De là est née une amitié indéfectible avec Laurent Tengo, l’actuel conseiller juridique du dictateur, qui s’ingénie pour faire modifier la Constitution congolaise. Principalement, les dispositions qui empêchent son Prince-dictateur de se représenter à l’élection présidentielle de 2017. Lié à son compère Laurent Tengo qu’il a rencontré à la Faculté de droit d’Orléans, leur amitié, devenue quasi fraternelle, s’était poursuivie jusqu’à leur intégration à l’université Marien Ngouabi. Encadreurs de travaux dirigés tous les deux en 1988, les premières dissensions entre les deux frères-amis apparurent au moment de la Conférence Nationale Souveraine. Originaire du Kouilou, Laurent Tengo s’était illustré à la tribune, en accusant Sassou-Nguesso de tous les maux. Par solidarité régionale, Gabriel Longombé apportait son quitus au chef des cobras.

Nommé Secrétaire Général de la présidence par Pascal Lissouba, Laurent Tengo n’était guère intervenu pour faire libérer son ami Gabriel Longombé brièvement incarcéré à l’issue de la Conférence Nationale Souveraine.

Renversé en 1997 par le coup d’Etat sanglant orchestré par Sassou-Nguesso, Gabriel Longombé succéda à Laurent Tengo au poste de Secrétaire Général de la présidence.

Diviser pour mieux régner a toujours été la devise de Sassou-Nguesso.

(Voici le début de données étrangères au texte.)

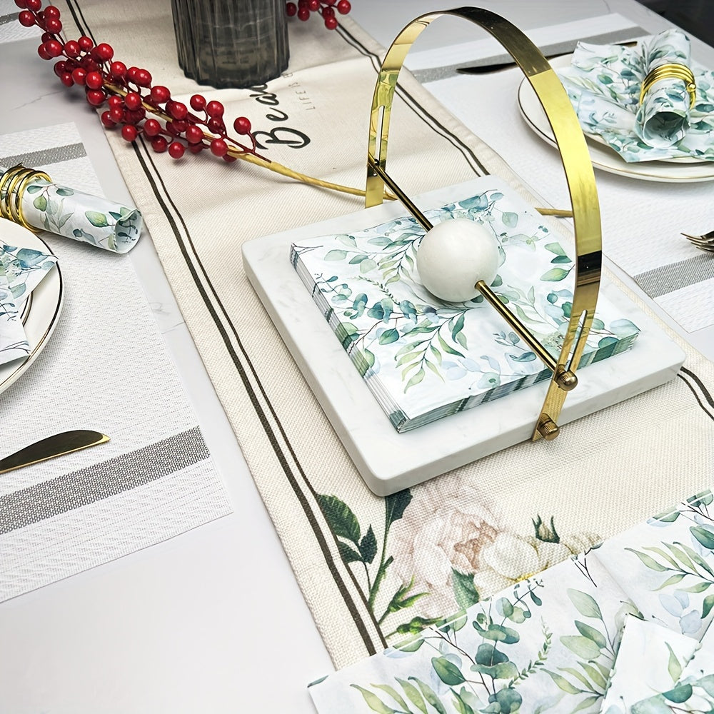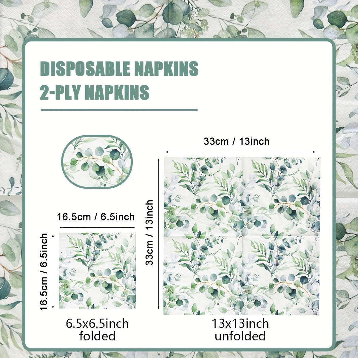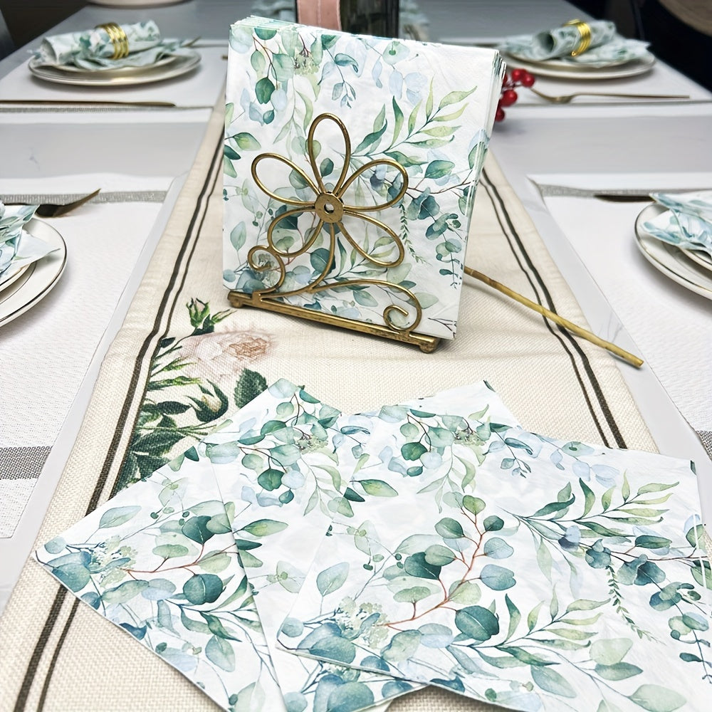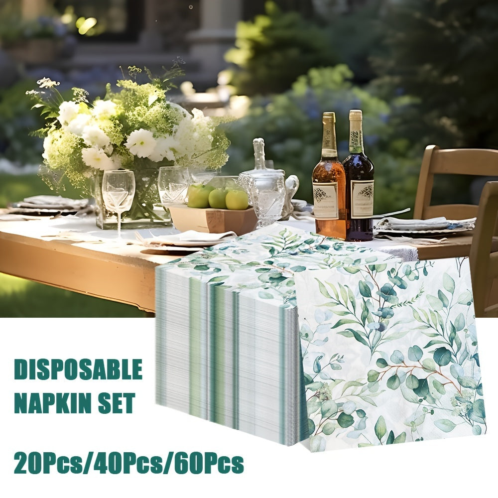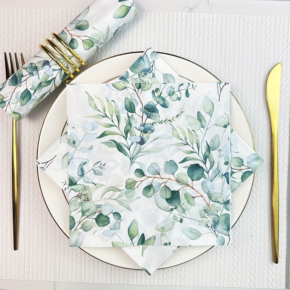 Qayta ishlatiladigan salfetka to'plami, Eucalyptus bargi bosimi, 20, 40, 60 ta, 2-qavatli, 33 sm

En exil à Saint-Maurice au sein de sa belle-famille, Laurent Tengo a cherché en vain à se faire recruter dans une université parisienne ou de sa proche banlieue.

Titulaire d’une carte de séjour temporaire d’un an, Laurent Tengo s’est marié illico pour régulariser sa situation administrative. Une fois sa famille à l’abri des tracasseries administratives, Laurent Tengo s’est rapproché d’Antoinette Sassou, vilie comme lui, qui a plaidé sa cause et négocié son retour au pays, au près du cobra-royal.

Pilier du régime du dictateur Sassou-Nguesso, ses parents s’inquiètent pour son avenir. Sera t-il aussi foudroyé par une crise cardiaque comme Gabriel Longombé ? Pour ne rien arranger, son nom, ainsi que celui de son ami Benjamin BOUMAKANI, actuel secrétaire général du gouvernement sont cités dans l’épineux dossier des biens mal acquis. Ils seraient à l’origine de la plainte initiale déposée à Paris.

Plus la fin de règne du cobra-royal approche, plus sa démarche devient moins sûre. Des plaques inquiétantes apparaissent sur son visage, et les Congolais comparent sa coiffure à un string. Ces signes somatiques révèlent un stress aigu selon certains observateurs.

Partira-t-il seul ? C’est la question qui tourmente sa kyrielle de conseillers. Les plus lucides ont eu le courage de le déconseiller de s’accrocher au trône. Les jusqu’au-boutistes, au contraire, lui conseillent l’inverse. Toutes les hypothèses sont dans la balance.

C’est pourquoi, de Laurent Tengo, en passant par sa cohorte de conseillers inutiles, tous ont mis leur famille respective à l’abri dans la région parisienne. De quoi ont-ils peur s’ils sont démocrates, ou s’ils pensent servir un homme qui serait en phase avec le respect de la légalité ?

Les Congolais ne tomberont plus pieds et mains liés dans la violence dévastatrice. L’heure des baïonnettes « intelligentes » est révolue.

Si Sassou-Nguesso est arrivé au pouvoir par la force, nous le ferons partir pacifiquement. La violence est l’humus qui lui permet de se maintenir au pouvoir.

A Brazzaville, nos compatriotes ne cessent de dire que « Sassou-Nguesso est comme la mauvaise herbe qui refuse de mourir ».

Nous disons à tous ces pessimistes « qu’en agissant on se trompe parfois, en ne faisant rien on se trompe toujours ». Alors, unissons nos forces et nos intelligences pour faire partir Sassou-Nguesso, cette mauvaise herbe qui pollue le Congo.